[Available records Boundary: Start]

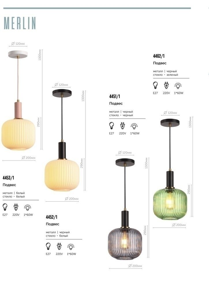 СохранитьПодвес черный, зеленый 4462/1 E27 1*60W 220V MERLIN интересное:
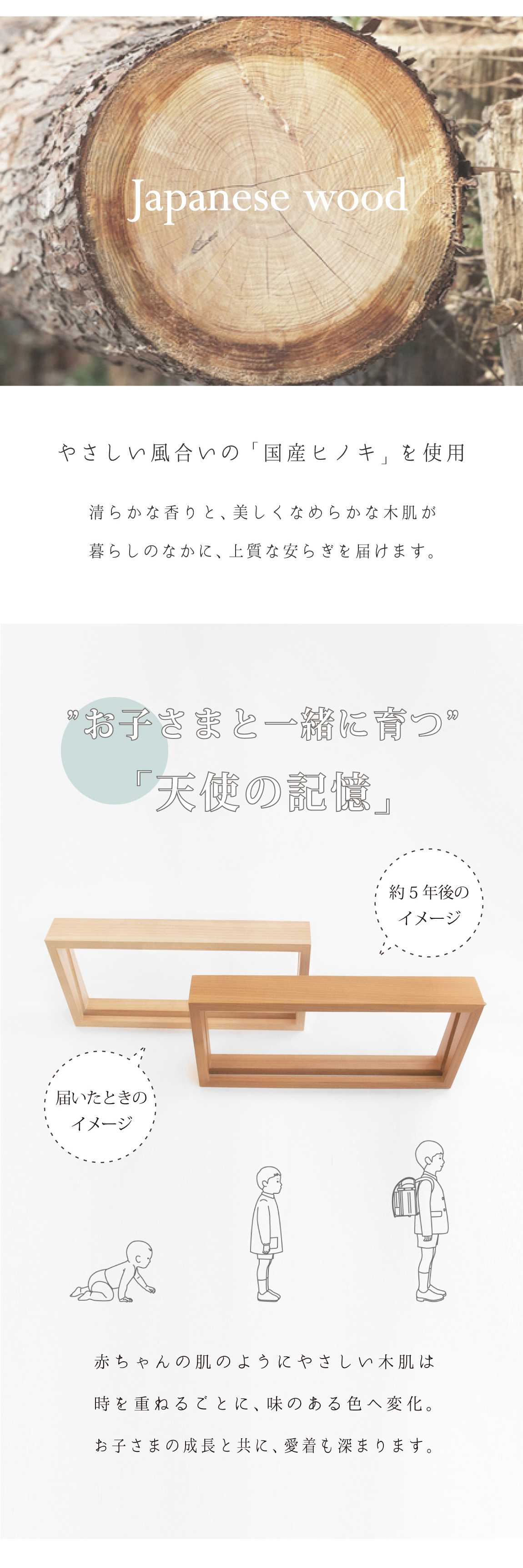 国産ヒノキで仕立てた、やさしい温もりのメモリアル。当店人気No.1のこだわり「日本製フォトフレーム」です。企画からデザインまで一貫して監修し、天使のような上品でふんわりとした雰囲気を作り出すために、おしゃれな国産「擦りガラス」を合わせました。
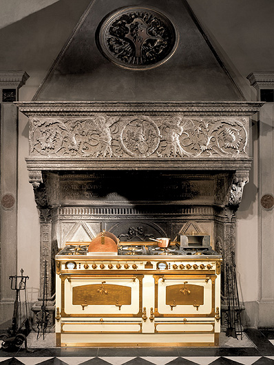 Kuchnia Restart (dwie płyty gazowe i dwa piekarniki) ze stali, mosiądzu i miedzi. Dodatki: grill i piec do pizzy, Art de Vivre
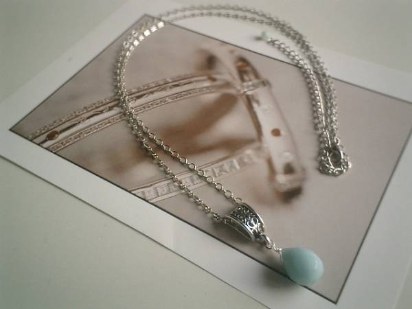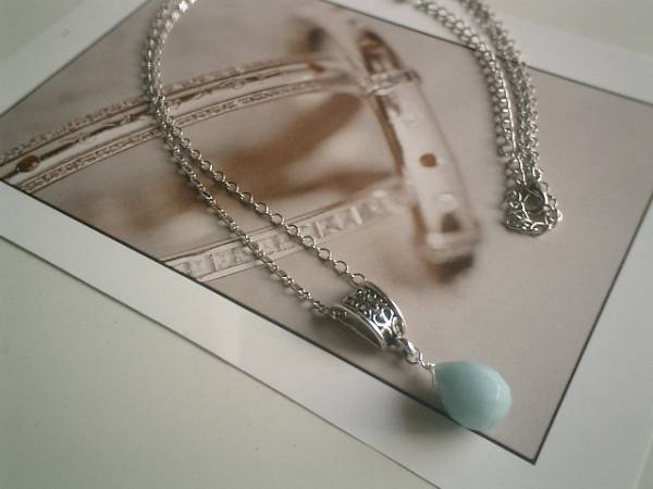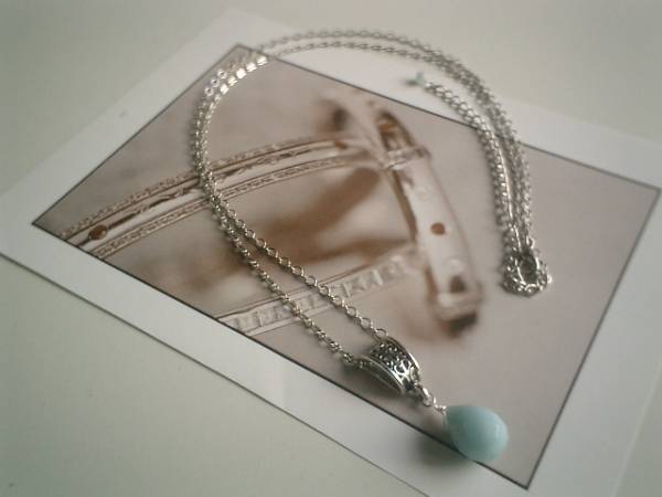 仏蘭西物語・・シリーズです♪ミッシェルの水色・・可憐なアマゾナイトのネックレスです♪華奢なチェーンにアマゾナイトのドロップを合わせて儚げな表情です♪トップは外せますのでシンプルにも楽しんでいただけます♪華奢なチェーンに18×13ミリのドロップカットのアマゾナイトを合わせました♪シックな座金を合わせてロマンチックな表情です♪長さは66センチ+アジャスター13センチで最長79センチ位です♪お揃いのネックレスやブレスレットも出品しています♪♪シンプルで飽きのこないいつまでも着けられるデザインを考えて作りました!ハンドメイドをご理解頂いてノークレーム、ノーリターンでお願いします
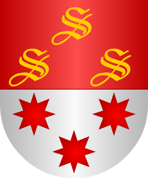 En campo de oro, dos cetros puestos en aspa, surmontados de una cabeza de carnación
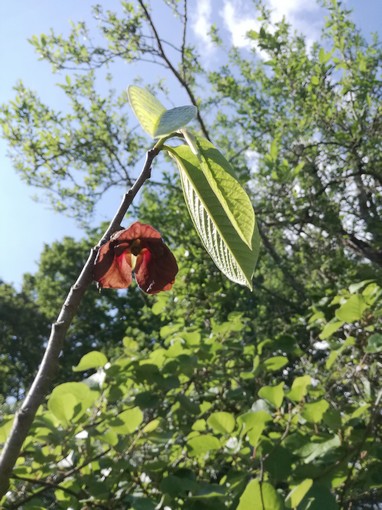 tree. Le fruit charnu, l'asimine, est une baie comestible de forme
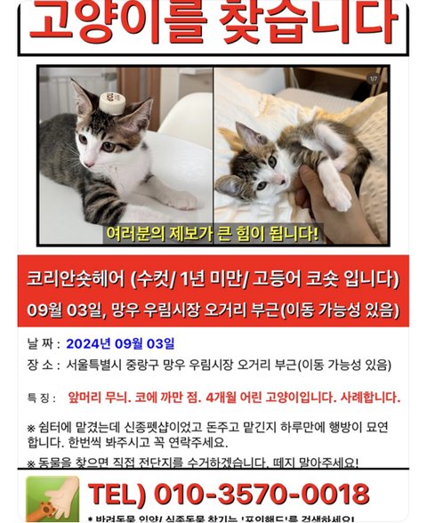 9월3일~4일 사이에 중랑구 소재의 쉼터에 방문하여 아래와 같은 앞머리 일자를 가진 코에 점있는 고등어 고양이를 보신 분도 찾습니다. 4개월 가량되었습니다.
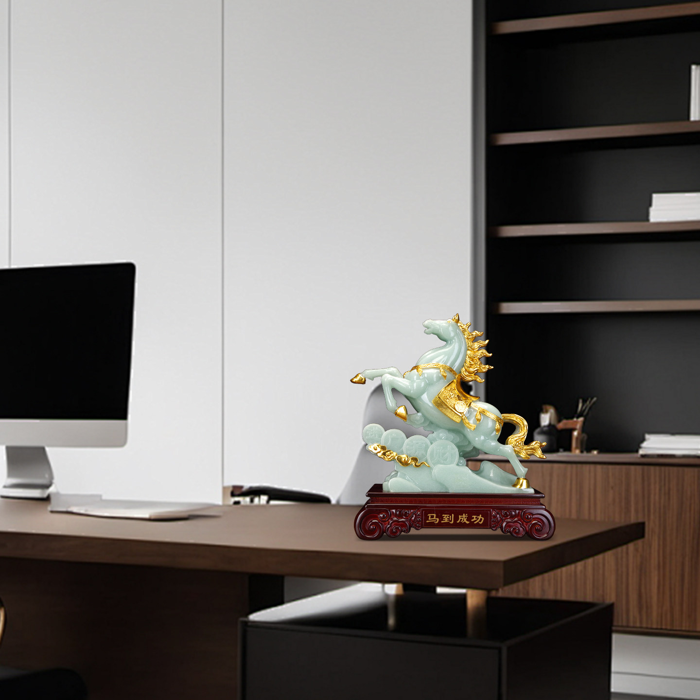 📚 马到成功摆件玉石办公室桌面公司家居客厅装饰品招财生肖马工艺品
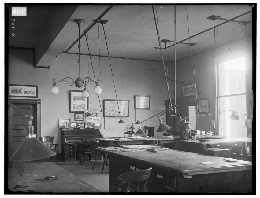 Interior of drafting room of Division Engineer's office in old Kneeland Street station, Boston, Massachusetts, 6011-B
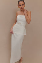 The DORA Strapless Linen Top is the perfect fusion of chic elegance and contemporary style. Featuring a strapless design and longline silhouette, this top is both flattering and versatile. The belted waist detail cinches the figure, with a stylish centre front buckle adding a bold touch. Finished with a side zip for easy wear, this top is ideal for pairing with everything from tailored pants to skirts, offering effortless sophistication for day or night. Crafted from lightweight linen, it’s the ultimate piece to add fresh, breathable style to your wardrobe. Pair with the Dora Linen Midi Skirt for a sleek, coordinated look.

[Available records Boundary: End]
[Available records Boundary: Start]

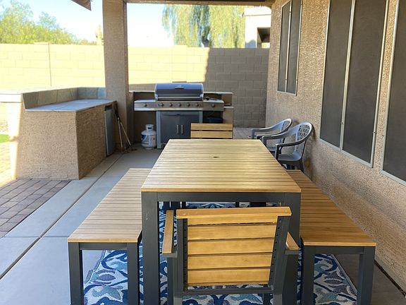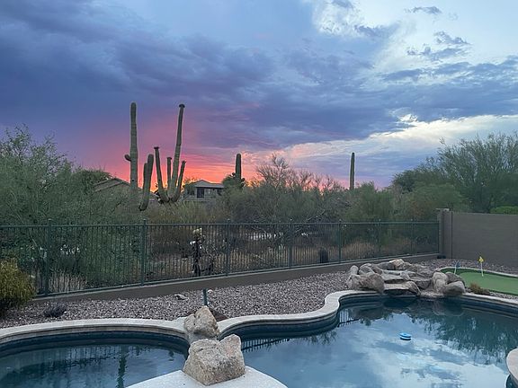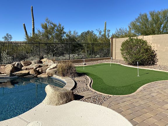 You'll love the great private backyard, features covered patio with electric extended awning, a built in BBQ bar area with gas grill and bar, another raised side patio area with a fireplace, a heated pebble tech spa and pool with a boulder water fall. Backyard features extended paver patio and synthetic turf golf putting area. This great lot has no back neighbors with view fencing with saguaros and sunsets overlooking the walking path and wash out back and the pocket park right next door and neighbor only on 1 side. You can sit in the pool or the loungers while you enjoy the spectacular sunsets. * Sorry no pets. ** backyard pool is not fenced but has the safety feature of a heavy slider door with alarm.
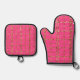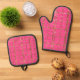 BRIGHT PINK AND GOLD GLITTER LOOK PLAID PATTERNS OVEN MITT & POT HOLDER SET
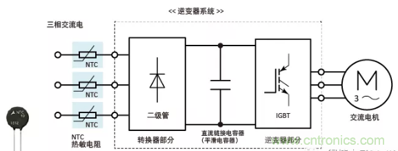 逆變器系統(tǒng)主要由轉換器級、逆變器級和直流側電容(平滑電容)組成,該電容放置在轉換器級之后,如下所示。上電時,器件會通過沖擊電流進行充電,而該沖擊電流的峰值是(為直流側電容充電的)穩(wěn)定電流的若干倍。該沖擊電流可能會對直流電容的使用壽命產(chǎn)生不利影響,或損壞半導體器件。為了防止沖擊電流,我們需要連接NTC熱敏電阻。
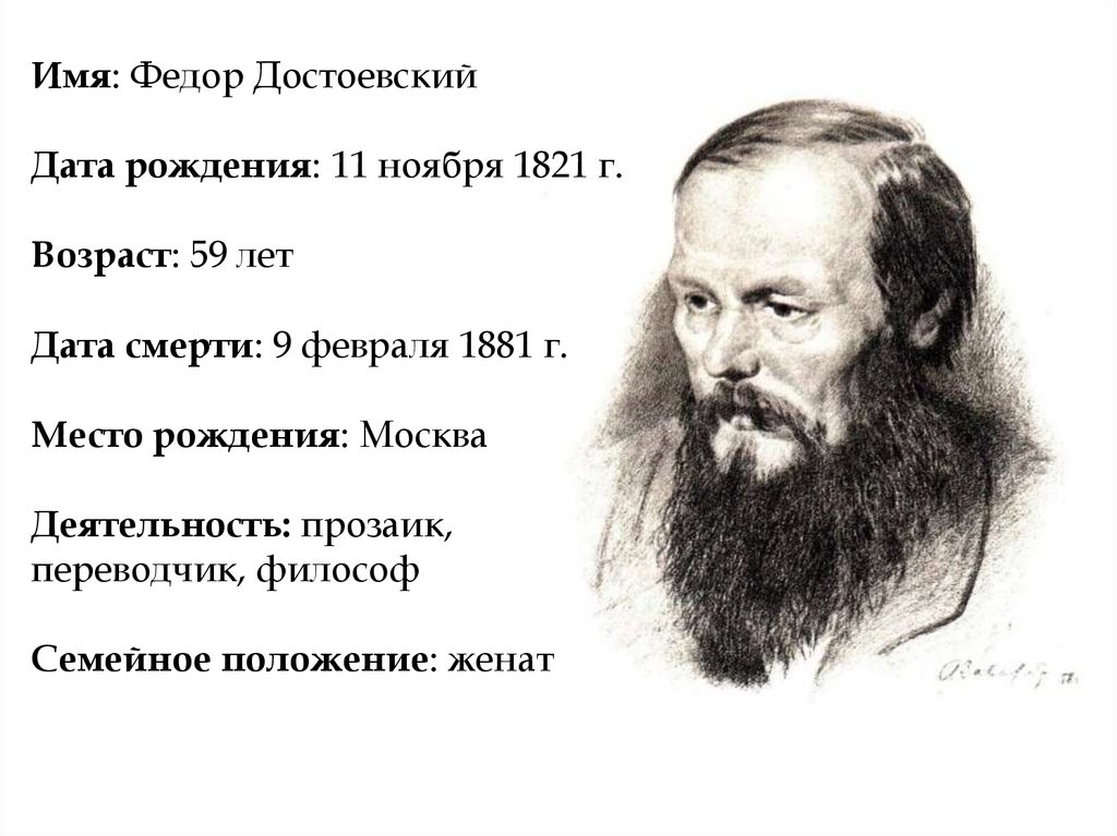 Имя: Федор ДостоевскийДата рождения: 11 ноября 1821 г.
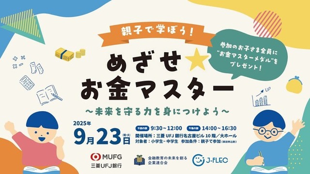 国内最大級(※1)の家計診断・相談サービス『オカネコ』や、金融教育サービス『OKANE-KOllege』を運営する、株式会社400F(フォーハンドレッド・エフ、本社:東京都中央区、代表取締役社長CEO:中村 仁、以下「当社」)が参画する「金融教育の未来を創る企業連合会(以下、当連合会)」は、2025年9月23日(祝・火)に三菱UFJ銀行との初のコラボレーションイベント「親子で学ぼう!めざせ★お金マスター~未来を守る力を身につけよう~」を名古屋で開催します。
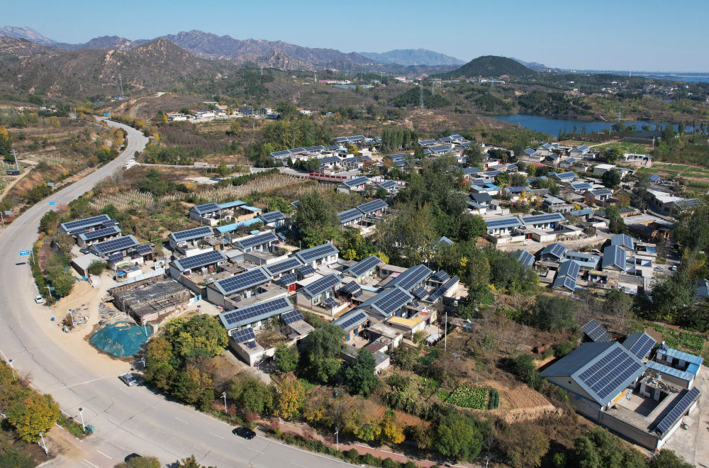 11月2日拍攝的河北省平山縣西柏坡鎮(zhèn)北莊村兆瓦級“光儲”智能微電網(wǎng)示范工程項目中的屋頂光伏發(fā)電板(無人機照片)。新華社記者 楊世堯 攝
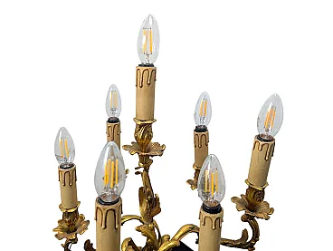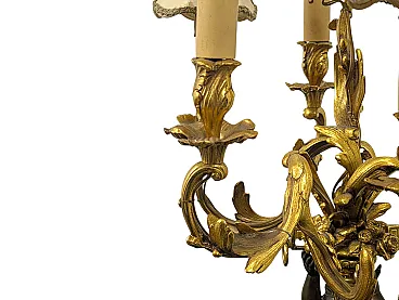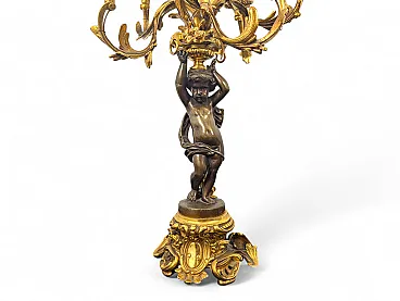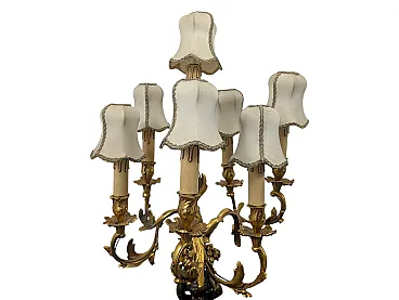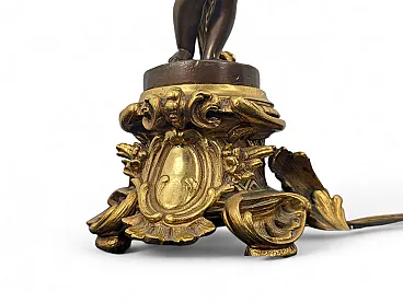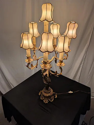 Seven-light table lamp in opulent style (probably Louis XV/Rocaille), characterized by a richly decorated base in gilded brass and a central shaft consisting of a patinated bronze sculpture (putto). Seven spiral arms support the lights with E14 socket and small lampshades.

[Available records Boundary: End]

#### What this task involves
Copy exactly the lines of the entries above from the one containing "You'll love the" through the one containing "Seven-light table lamp". Both end lines count; pictures do not.

#### Result of this exercise
 You'll love the great private backyard, features covered patio with electric extended awning, a built in BBQ bar area with gas grill and bar, another raised side patio area with a fireplace, a heated pebble tech spa and pool with a boulder water fall. Backyard features extended paver patio and synthetic turf golf putting area. This great lot has no back neighbors with view fencing with saguaros and sunsets overlooking the walking path and wash out back and the pocket park right next door and neighbor only on 1 side. You can sit in the pool or the loungers while you enjoy the spectacular sunsets. * Sorry no pets. ** backyard pool is not fenced but has the safety feature of a heavy slider door with alarm.
 BRIGHT PINK AND GOLD GLITTER LOOK PLAID PATTERNS OVEN MITT & POT HOLDER SET
 逆變器系統(tǒng)主要由轉換器級、逆變器級和直流側電容(平滑電容)組成,該電容放置在轉換器級之后,如下所示。上電時,器件會通過沖擊電流進行充電,而該沖擊電流的峰值是(為直流側電容充電的)穩(wěn)定電流的若干倍。該沖擊電流可能會對直流電容的使用壽命產(chǎn)生不利影響,或損壞半導體器件。為了防止沖擊電流,我們需要連接NTC熱敏電阻。
 Имя: Федор ДостоевскийДата рождения: 11 ноября 1821 г.
 国内最大級(※1)の家計診断・相談サービス『オカネコ』や、金融教育サービス『OKANE-KOllege』を運営する、株式会社400F(フォーハンドレッド・エフ、本社:東京都中央区、代表取締役社長CEO:中村 仁、以下「当社」)が参画する「金融教育の未来を創る企業連合会(以下、当連合会)」は、2025年9月23日(祝・火)に三菱UFJ銀行との初のコラボレーションイベント「親子で学ぼう!めざせ★お金マスター~未来を守る力を身につけよう~」を名古屋で開催します。
 11月2日拍攝的河北省平山縣西柏坡鎮(zhèn)北莊村兆瓦級“光儲”智能微電網(wǎng)示范工程項目中的屋頂光伏發(fā)電板(無人機照片)。新華社記者 楊世堯 攝
 Seven-light table lamp in opulent style (probably Louis XV/Rocaille), characterized by a richly decorated base in gilded brass and a central shaft consisting of a patinated bronze sculpture (putto). Seven spiral arms support the lights with E14 socket and small lampshades.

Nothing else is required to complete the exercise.